Additionally, OpenAI intends to grant members of its red teaming network, a specialized group of professionals who contribute to the company’s assessment and mitigation of AI model risks, the ability to utilize Voice Engine for the purpose of identifying and addressing potential malicious applications.

Some experts suggest that AI red teaming may not cover all possible scenarios, and they believe that it is the responsibility of vendors to create tools that can protect against any potential harm caused by their AI systems. OpenAI is not taking such extreme measures with Voice Engine, but Harris emphasizes that the company’s utmost priority is to ensure the safe release of the technology.

Ready for distribution
Considering the outcome of the preview and the response from the public towards Voice Engine, OpenAI may consider making the tool available to a larger group of developers. However, the company is currently hesitant to make any definite commitments.
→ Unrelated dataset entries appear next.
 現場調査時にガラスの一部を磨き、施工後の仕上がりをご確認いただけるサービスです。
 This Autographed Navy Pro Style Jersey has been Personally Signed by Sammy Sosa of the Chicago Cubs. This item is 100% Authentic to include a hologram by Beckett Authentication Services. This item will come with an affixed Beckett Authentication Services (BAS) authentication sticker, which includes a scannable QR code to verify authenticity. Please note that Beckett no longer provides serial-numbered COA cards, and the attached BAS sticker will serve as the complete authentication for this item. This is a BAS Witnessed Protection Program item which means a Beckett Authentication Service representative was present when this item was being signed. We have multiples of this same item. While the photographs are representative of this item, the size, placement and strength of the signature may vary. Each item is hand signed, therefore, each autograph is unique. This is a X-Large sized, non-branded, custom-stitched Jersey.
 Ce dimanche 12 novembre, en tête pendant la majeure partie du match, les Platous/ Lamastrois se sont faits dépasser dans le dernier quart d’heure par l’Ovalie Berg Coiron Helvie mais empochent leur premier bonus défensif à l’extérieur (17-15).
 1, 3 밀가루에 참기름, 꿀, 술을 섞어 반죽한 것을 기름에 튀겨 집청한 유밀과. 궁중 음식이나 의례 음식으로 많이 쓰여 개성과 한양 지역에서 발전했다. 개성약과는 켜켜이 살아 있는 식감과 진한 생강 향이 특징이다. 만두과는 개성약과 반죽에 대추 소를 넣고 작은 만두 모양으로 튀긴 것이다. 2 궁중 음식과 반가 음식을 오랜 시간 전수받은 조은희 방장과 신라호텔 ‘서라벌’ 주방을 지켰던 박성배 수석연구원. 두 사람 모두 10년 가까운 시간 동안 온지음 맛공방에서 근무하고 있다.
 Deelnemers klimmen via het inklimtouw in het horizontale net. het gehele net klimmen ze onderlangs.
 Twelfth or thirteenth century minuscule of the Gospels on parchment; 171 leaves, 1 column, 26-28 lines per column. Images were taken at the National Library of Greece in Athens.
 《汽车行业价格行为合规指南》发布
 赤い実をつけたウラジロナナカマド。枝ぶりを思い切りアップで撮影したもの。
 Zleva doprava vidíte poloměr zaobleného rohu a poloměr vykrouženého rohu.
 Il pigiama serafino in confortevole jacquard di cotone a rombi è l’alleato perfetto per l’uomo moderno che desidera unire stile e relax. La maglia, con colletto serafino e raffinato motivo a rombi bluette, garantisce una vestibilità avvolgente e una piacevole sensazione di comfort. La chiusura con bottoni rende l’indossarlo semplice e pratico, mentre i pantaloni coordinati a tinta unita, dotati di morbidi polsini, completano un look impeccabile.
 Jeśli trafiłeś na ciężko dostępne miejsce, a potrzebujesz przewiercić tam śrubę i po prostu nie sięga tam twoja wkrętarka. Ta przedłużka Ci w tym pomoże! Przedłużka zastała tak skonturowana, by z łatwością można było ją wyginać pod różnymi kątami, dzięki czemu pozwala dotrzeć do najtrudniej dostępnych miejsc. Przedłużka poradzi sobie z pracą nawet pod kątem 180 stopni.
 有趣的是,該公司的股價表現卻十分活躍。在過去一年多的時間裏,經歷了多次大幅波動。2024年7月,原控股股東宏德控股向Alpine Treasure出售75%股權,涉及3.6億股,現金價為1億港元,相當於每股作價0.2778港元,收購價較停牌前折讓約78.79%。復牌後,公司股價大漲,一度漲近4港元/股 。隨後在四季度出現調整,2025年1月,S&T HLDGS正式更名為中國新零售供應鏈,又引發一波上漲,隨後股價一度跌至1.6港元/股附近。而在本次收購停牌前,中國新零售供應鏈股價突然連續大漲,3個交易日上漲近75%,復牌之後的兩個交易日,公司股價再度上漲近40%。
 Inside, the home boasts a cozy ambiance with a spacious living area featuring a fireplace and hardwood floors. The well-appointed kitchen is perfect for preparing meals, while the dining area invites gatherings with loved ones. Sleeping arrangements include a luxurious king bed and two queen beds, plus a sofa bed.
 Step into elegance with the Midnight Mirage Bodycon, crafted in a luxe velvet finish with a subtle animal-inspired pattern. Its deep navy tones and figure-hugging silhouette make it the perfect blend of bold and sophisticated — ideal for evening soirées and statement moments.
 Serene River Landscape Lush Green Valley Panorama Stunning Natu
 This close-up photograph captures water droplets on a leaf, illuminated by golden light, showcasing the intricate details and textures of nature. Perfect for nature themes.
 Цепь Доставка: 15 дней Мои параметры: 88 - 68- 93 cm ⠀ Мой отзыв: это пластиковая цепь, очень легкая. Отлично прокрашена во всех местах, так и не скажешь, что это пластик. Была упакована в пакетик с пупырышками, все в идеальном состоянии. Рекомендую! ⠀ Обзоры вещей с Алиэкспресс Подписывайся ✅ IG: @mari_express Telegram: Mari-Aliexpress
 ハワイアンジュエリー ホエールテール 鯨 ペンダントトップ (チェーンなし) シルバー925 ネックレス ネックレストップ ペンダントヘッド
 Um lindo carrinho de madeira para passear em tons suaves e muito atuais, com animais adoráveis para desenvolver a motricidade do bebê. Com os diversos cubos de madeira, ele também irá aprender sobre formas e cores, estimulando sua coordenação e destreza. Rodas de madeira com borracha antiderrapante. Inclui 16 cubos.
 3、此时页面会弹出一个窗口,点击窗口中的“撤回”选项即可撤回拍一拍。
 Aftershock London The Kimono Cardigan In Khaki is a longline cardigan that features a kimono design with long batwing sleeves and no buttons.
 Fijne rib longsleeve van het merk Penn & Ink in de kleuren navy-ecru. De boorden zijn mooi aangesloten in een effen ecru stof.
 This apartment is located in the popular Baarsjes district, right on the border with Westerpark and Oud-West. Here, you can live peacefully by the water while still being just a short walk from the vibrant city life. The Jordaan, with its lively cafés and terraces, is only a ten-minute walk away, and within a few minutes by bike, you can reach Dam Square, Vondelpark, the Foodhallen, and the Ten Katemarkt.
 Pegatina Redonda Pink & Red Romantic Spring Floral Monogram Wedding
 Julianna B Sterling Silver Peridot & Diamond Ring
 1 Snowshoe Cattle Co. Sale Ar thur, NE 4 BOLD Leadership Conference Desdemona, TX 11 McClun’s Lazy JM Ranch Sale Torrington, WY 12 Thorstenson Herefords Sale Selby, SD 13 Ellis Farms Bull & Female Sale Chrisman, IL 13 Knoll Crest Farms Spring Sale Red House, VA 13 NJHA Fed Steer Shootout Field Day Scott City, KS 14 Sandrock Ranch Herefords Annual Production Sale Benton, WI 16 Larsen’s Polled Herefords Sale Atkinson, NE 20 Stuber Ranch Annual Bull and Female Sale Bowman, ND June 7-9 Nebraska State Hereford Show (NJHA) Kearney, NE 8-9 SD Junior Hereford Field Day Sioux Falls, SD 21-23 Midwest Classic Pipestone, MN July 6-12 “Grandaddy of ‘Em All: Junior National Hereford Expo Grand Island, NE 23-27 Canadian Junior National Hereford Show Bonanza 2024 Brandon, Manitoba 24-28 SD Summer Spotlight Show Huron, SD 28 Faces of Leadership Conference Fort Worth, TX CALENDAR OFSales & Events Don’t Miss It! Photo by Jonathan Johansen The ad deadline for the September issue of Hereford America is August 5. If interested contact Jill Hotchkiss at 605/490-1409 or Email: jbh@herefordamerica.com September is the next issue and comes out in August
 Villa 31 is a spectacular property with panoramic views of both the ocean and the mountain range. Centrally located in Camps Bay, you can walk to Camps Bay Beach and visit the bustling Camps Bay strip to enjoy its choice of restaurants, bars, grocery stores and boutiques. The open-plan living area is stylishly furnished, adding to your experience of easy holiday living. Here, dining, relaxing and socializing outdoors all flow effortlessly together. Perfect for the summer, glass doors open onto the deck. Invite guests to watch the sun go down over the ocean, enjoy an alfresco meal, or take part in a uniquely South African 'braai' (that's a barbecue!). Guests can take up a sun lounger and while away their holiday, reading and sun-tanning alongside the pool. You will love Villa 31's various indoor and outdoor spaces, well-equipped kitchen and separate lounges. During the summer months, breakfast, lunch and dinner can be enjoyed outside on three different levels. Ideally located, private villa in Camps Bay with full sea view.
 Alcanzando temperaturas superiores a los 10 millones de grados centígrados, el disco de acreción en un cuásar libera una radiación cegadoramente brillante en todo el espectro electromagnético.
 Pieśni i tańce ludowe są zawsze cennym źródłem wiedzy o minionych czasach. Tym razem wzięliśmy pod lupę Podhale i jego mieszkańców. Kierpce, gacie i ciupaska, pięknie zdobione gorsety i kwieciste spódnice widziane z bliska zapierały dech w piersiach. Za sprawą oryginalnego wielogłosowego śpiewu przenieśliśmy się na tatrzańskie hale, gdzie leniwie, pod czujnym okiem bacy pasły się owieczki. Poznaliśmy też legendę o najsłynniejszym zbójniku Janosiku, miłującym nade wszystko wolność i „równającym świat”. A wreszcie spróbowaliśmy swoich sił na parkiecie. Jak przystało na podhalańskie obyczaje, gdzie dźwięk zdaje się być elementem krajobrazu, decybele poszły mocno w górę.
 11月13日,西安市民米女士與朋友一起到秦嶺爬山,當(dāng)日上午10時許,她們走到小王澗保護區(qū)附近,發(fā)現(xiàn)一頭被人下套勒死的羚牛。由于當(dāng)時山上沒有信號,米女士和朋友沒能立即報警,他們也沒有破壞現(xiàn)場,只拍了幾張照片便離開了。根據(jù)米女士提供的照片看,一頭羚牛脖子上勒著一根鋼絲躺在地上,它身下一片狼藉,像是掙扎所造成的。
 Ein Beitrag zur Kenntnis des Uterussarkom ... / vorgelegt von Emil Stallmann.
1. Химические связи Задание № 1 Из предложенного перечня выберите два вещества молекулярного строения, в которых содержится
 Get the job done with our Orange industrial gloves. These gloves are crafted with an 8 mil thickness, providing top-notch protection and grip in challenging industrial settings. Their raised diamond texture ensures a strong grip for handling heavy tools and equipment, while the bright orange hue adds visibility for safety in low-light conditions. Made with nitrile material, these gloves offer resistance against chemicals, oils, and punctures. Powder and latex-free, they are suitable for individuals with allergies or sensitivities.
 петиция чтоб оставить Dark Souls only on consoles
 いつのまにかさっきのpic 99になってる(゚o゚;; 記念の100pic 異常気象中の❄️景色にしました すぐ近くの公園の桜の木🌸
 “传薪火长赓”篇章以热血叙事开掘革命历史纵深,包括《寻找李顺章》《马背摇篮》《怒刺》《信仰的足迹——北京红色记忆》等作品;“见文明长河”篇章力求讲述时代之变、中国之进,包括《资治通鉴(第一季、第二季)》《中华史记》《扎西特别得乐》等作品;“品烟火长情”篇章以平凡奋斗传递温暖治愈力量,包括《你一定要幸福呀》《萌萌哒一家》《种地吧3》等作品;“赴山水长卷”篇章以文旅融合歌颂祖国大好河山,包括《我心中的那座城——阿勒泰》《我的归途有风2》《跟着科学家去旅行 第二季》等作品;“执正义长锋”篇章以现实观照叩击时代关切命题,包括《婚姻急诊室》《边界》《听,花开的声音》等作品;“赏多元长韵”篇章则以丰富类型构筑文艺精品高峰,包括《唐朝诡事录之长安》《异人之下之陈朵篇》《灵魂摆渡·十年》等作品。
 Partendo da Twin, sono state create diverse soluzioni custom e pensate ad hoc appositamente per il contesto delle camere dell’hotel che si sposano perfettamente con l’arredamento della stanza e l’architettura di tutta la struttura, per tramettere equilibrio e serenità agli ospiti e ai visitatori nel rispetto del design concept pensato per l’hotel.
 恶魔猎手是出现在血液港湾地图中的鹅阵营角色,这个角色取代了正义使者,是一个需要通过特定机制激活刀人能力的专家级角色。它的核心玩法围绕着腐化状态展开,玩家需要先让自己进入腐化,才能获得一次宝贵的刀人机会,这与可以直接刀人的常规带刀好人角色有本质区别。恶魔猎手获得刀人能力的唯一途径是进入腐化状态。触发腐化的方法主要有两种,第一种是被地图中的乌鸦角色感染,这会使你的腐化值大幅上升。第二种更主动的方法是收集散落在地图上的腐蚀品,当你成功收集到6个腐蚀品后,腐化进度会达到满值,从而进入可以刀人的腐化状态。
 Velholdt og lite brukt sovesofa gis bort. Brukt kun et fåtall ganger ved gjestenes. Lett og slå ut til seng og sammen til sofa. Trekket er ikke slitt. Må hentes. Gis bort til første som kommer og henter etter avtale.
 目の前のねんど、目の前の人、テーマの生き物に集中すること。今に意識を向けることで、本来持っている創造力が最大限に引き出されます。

Harris provided a glimpse into Voice Engine’s future plans, disclosing that OpenAI is currently experimenting with a security feature. This feature requires users to read randomly generated text as a way to verify their presence and ensure they are conscious of how their voice is being utilized. According to Harris, this development has the potential to boost OpenAI’s confidence in expanding the reach of Voice Engine to a wider audience. It could also mark the start of something even bigger.

“The progress of the voice matching technology will be driven by the insights gained from the pilot, the identification of safety concerns, and the implementation of necessary measures,” he stated. “Ensuring clarity between artificial voices and actual human voices is crucial.”

And I must say, we are in complete agreement on that final point.

Juliet P.
Author: Juliet P.

Share this article
0
Share
Shareable URL
Prev Post

X confirms NSFW Community intentions

Next Post

Instagram is introducing ‘Blend,’ suggested Reels for you and a buddy.

Leave a Reply

Your email address will not be published. Required fields are marked *

Read next
Subscribe to our newsletter
Get notified of the best deals on our WordPress themes.